Another important reference for the Brazilian Black Movement has been the debates and the advocacy work developed at the World Conference Against Racism in Durban, South Africa, in 2001 (
Werneck 2009). That scenario has presented to Brazilian black leaders the need to develop concrete policies to address racial inequalities and the importance of making the Brazilian state responsible for the implementation of these policies.
At this point, the main concern of black movements was the issue of representation, understood as the need for more black and brown students’ enrolment in Brazilian public universities. The Brazilian black and brown population has been excluded from public higher education for decades (
Hasenbalg 1977;
Paixão and Carvano 2008) and this has become one of the main attempts to transform this picture.
However, there has been a subsequent understanding from black activists in Brazil that the representation was only the first step. There were severe limitations to really producing a change in a context in which more black and brown students were enrolling in Brazilian universities, but these institutions were elitist, excluding, discriminatory; in one word, colonial. This is where the political process of affirmative action implementation in Brazil has a straight dialogue with critical diversity studies and de-colonial approaches to affirmative action (
Bhambra et al. 2018). Works such as those of Icaza and Vazquez, about diversity in the University of Amsterdam, show very clearly the limits of demographic diversity: “While it is of utmost importance that universities reflect the demographic diversity of the societies they are supposed to serve, the question of demographic diversity falls short of addressing the question of decolonisation.
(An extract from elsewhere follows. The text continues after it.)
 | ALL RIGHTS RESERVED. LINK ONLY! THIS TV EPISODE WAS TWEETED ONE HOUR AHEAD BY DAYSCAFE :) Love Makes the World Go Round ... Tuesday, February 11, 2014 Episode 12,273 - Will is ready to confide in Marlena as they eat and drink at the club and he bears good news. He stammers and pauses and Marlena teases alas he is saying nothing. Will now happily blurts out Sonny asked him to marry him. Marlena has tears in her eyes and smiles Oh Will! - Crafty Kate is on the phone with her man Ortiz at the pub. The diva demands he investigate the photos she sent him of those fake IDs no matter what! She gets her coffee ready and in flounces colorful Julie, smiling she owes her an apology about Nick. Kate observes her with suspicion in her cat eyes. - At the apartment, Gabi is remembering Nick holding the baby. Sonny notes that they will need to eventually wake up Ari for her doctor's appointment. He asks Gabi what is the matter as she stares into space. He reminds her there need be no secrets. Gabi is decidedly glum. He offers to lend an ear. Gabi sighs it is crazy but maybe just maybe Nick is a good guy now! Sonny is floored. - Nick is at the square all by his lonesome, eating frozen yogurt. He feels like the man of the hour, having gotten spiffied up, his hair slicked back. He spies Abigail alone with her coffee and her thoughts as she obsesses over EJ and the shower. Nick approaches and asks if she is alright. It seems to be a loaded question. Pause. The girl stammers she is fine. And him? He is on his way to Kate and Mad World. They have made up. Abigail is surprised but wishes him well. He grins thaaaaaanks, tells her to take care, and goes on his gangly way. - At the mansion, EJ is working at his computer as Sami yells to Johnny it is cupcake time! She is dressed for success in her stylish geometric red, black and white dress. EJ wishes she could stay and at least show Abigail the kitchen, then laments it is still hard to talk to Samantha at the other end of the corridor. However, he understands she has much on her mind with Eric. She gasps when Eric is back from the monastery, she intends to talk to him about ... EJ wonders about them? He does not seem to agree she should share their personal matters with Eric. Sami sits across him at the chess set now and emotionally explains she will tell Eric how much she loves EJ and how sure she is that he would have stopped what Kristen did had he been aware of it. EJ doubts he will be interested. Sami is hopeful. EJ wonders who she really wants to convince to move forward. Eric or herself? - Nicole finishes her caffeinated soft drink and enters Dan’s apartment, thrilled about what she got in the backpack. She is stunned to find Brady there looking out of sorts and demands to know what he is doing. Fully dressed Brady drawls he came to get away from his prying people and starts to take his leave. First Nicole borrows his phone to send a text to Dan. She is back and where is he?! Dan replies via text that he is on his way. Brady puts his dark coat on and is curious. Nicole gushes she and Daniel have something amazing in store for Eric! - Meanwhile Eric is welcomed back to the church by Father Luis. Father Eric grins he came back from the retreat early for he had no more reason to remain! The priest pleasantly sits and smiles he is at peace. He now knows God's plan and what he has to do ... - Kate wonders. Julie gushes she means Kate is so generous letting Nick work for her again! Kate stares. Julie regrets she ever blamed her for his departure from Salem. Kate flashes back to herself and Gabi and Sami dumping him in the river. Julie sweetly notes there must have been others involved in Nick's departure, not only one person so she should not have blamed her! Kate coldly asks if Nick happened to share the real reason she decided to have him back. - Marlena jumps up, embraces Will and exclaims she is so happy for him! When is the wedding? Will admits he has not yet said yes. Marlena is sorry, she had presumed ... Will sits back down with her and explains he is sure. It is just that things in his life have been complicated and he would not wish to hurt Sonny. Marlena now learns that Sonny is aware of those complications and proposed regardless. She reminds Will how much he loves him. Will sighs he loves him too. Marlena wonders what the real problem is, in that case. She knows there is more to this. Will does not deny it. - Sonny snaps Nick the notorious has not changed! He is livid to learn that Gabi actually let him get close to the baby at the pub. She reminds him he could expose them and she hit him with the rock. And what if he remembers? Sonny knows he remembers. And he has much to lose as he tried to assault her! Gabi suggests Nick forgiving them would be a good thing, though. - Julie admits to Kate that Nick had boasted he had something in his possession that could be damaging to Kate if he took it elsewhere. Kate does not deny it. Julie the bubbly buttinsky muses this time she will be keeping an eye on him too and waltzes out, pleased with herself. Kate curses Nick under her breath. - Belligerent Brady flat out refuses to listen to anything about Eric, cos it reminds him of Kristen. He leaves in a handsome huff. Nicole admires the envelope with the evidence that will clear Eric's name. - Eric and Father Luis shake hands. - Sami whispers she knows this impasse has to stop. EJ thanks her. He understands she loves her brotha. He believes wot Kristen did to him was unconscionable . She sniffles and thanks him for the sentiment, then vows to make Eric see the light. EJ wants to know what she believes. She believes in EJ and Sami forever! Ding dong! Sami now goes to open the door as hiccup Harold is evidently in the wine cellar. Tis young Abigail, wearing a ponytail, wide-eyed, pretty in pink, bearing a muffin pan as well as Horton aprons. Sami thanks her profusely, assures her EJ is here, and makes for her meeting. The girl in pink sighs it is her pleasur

How can the university address the role it has played in reproducing global inequalities?” (
Icaza Garza and Vazquez 2018, p. 115).
There is a growing understanding that demographic representation is only a first step and that the task of transforming in a structural way the traditional (and colonial) universities is a long-term process.
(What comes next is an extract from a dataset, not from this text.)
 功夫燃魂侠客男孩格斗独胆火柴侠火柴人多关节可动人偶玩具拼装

3. Affirmative Action in Brazilian Federal Universities
The reservation of openings for specific groups in federal higher education institutions is part of a broader set of policies that seek to expand access to the university. Most of them result from the political struggle led by black organizations, indigenous peoples, people with disabilities, movements for the human right to education, and other social movements that historically denounce the elitist and white origin of Brazilian higher education (
Gomes 2017;
Heringer and Johnson 2015).
Such policies cannot be thought of in isolation, but rather in conjunction with other actions that include the expansion of vacancies in federal universities, the creation of new federal universities and institutes, new campuses, and new courses. Also, part of this set of measures is the University for All program (Prouni, the restructuring and expansion of the Federal Universities program (Reuni, the Unified Selection System (Sisu, and the adoption of the National High School Exam (Enem) as the main form of entry into Brazilian higher education (
Klitzke 2018).
All these measures resulted in an increase in the number of enrollments in higher education, which reached 8.6 million in 2019, representing 21.4% of the Brazilian population aged 18 to 24 (
INEP 2020). Most of these enrollments, however, took place in private higher education institutions. The continuous growth of enrollments in public higher education was interrupted in 2017 due to deep budget cuts, intensified by the approval of the “spending ceiling”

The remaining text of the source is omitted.